**Data**
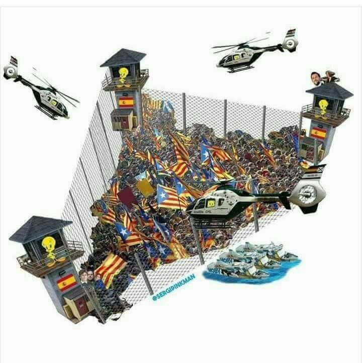 http://www.express.co.uk/news/uk/875...atalunha-video "Catalonia saw a hike in support for the pro-independence movement since the central government in Madrid begun its crackdown on the autonomous region. And LSE Professor Sebastian Balfour said it is more than likely Catalan people will continue to move towards the idea of independence if Prime Minister Mariano Rajoy continues his aggressive strategy to return the rule of law in Catalonia. "He said: "The latest poll, which was published last week, puts the percentage of people polled who support independence to 48.7 per cent whereas three months ago it was 41 per cent. So that figure seems to be creeping up." |
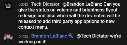 幸运的是,微软正在为这些弹出窗口设计新的设计,但它不会随 Windows 11 的 2021 年 10 月更新一起提供。在Windows Insider 网络广播中,微软的 Brandon LeBlanc 确认他们正在考虑针对音量和亮度弹出的新设计。
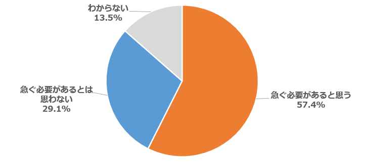 | Q3 衆院選では、大雪の影響により、一部の投票所で投票の締切時刻を早めるなどの対応が行われました。また、有権者が投票所へ向かう際の安全確保への懸念や、投票意欲が低下するおそれがあるとの指摘もあります。こうした状況を踏まえ、あなたは選挙において自宅などで投票できるようにインターネット投票の導入を急ぐ必要があると思いますか、思いませんか。 |

**Assignment**
Repeat the whole listing above word for word, but keep any picture out of it.

**Response to this exercise**
 http://www.express.co.uk/news/uk/875...atalunha-video "Catalonia saw a hike in support for the pro-independence movement since the central government in Madrid begun its crackdown on the autonomous region. And LSE Professor Sebastian Balfour said it is more than likely Catalan people will continue to move towards the idea of independence if Prime Minister Mariano Rajoy continues his aggressive strategy to return the rule of law in Catalonia. "He said: "The latest poll, which was published last week, puts the percentage of people polled who support independence to 48.7 per cent whereas three months ago it was 41 per cent. So that figure seems to be creeping up." |
 幸运的是,微软正在为这些弹出窗口设计新的设计,但它不会随 Windows 11 的 2021 年 10 月更新一起提供。在Windows Insider 网络广播中,微软的 Brandon LeBlanc 确认他们正在考虑针对音量和亮度弹出的新设计。
 | Q3 衆院選では、大雪の影響により、一部の投票所で投票の締切時刻を早めるなどの対応が行われました。また、有権者が投票所へ向かう際の安全確保への懸念や、投票意欲が低下するおそれがあるとの指摘もあります。こうした状況を踏まえ、あなたは選挙において自宅などで投票できるようにインターネット投票の導入を急ぐ必要があると思いますか、思いませんか。 |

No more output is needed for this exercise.